▸ Task description
When you reach the line containing "First, after Woodland" in the data below, begin returning lines exactly as written, and stop once the line containing "A fine vintage" has been returned.

▸ Raw data
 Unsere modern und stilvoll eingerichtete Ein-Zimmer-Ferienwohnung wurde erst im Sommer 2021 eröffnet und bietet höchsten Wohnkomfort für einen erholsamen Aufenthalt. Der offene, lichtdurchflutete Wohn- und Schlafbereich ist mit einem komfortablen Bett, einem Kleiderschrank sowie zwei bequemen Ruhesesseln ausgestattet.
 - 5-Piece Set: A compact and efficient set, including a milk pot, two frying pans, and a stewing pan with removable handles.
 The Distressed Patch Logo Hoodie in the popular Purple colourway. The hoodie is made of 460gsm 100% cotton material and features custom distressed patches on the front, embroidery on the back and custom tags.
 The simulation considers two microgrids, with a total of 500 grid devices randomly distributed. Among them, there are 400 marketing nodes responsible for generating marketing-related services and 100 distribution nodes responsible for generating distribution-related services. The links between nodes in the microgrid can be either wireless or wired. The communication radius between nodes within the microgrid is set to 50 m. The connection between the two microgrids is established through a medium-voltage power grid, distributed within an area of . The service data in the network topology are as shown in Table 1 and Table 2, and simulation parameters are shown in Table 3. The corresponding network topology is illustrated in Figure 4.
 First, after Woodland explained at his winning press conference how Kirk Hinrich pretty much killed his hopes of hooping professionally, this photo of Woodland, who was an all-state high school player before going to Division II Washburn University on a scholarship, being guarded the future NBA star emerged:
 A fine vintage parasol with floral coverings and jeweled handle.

---

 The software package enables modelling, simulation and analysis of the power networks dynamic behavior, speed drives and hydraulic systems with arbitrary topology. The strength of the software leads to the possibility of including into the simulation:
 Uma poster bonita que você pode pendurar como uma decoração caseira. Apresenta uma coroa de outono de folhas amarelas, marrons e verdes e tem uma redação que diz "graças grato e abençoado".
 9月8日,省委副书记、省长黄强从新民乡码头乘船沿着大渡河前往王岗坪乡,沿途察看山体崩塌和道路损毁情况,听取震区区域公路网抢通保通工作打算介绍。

▸ Answer box
 First, after Woodland explained at his winning press conference how Kirk Hinrich pretty much killed his hopes of hooping professionally, this photo of Woodland, who was an all-state high school player before going to Division II Washburn University on a scholarship, being guarded the future NBA star emerged:
 A fine vintage parasol with floral coverings and jeweled handle.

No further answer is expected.